Comparing the cheese samples obtained by the supernatant method in the course of the ripening, the intensities of the bands decrease visually with time for IS, while the intensities of the peptide bands increase for FS. In contrast, neither an increase nor a decrease is observed in the suspension method during the cheese ripening with both detection methods. As the samples used here are foil-ripened cheeses, the protein concentrations in the cheeses should remain relatively stable during ripening, which again is more consistent with the results of the suspension method. [51].
Figure 4 shows the values of the integrated densities of the bands of peptide IV (VYVEELKPTP) detected by IS for all samples during the cheese manufacturing process. The integrated densities of the peptide bands were determined using the image processing software ImageJ. To ensure comparability between the different HPTLC-IS plates, the values obtained for the integrated densities of the samples were divided by the integrated density of the same peptide band of the tryptically hydrolyzed β-LG standard.
This evaluation also reveals that peptide IV loses intensity during ripening when evaluating with the supernatant method. This suggests that the proteolysis during ripening leads to the degradation of the epitopes that would bind to the primary β-LG antibodies during IS. This effect can also be found in the number of bands detected: On the HPTLC-FS plate, the samples showed no decrease in the number of peptide bands in the course of ripening. In contrast, 13 IS bands were still detectable for the unripened cheese samples BSB and ASB, and only 7 IS bands were detected for the 13-weeks ripened cheese (13 w). On the contrary, the samples obtained by the suspension method showed no trend within the course of ripening, but there is some variation in the values. However, these fluctuations can be considered negligible with respect to the standard deviations (error bars in Figure 4) of the duplicate measurements. This, in turn, means that with the suspension method, it must be presumed that peptides stained by IS remain stable during ripening and are not affected by proteolysis. Looking at the number of detected bands, the peptide pattern does not clearly change between the different samples during the cheese manufacturing process. In all samples, five peptide bands are clearly stained by IS; in some samples, more peptides can be estimated.

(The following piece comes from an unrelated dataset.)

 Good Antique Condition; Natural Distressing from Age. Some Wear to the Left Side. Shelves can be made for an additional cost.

For both extraction methods, peptide IV appears to be representative of the intensities in the different samples for the other peptides as well. Peptides I and II were also evaluated using ImageJ via the integrated density and showed similar results (data not shown).
In addition to the intensities of the bands on the HPTLC plates, the protein concentrations in the sample extracts should also be taken into account. For this purpose, the tryptic sample hydrolysates of both extraction methods were analyzed by the OPA assay. Figure 5 shows the different concentrations of free α- and ε-amino groups in the two alternative sample preparations.

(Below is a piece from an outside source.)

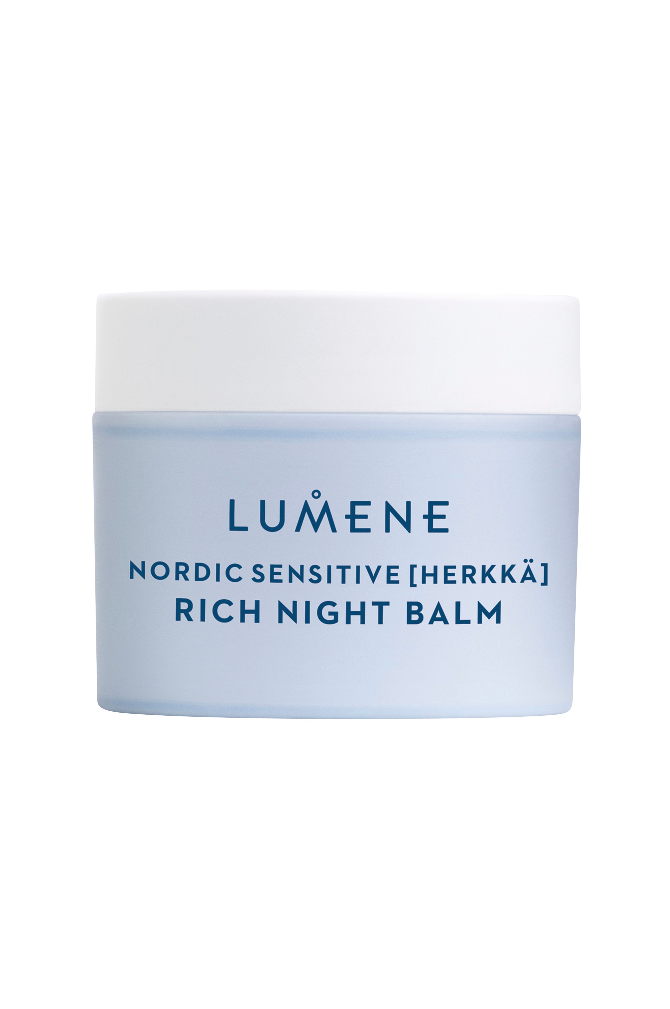 Lumene Nordic Sensitive [Herkkä] Rich Night Balm er en ceramid-boostet night creme til alle sensitive hudtyper. Denne rich formel, der er drevet af hudbarrierestøttende Nordic havreceramider og beroligende blåbærolie, beroliger øjeblikkeligt, fugter i dybden og hjælper hudbarrieren med at komme sig i løbet af night. Vågn op til en sund og rolig hud om morgenen.

The results of the OPA assay of the tryptic peptide extracts were in agreement with the detected intensities of the peptide bands on the HPTLC-FS plate. In contrast to the strong increase in amino groups with ripening in the sample extracts of the supernatant method, there is a decrease in the intensity of the IS bands. As previously suggested, this could be due to a certain degradation of the epitopes resulting from the proteolysis during cheese ripening. For the suspension method, there seems to be no trend in the content of free amino groups in the sample extracts in the course of ripening, just as for the intensities of the bands on the HPTLC-IS/FS plates.
To clarify the conflicting results for the supernatant method, both the undigested sample extracts and the samples hydrolyzed by pronase E were analyzed by the OPA assay. The ratio of the results for the undigested and pronase E digested sample extracts was intended to clarify what type, or more precisely size, of peptides/proteins was extracted from the samples. Digestion with pronase E ideally leads to the complete digestion of proteins and peptides down to their amino acids.

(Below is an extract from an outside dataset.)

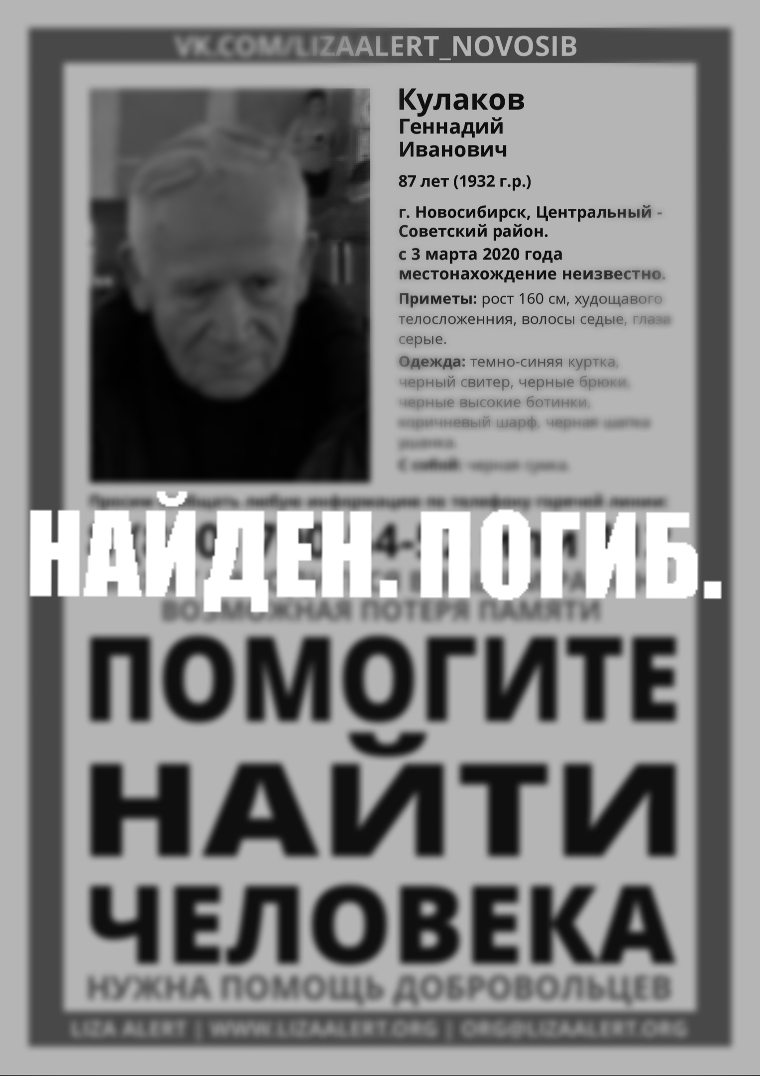 Геннадий Кулаков ушел из Института горного дела СО РАН 3 марта 2020 года. Когда 88-летний мужчина не вернулся домой после работы, родственники забили тревогу и обратились в полицию.

A high ratio of amino groups between the samples digested with pronase E and the undigested samples indicated the presence of larger peptides/proteins in the samples. This can be explained by the fact that in the undigested samples, only the amino groups are measured that are not bound in the peptides and proteins. Only by pronase E digestion do the peptide bonds become hydrolyzed and the amino groups become measurable.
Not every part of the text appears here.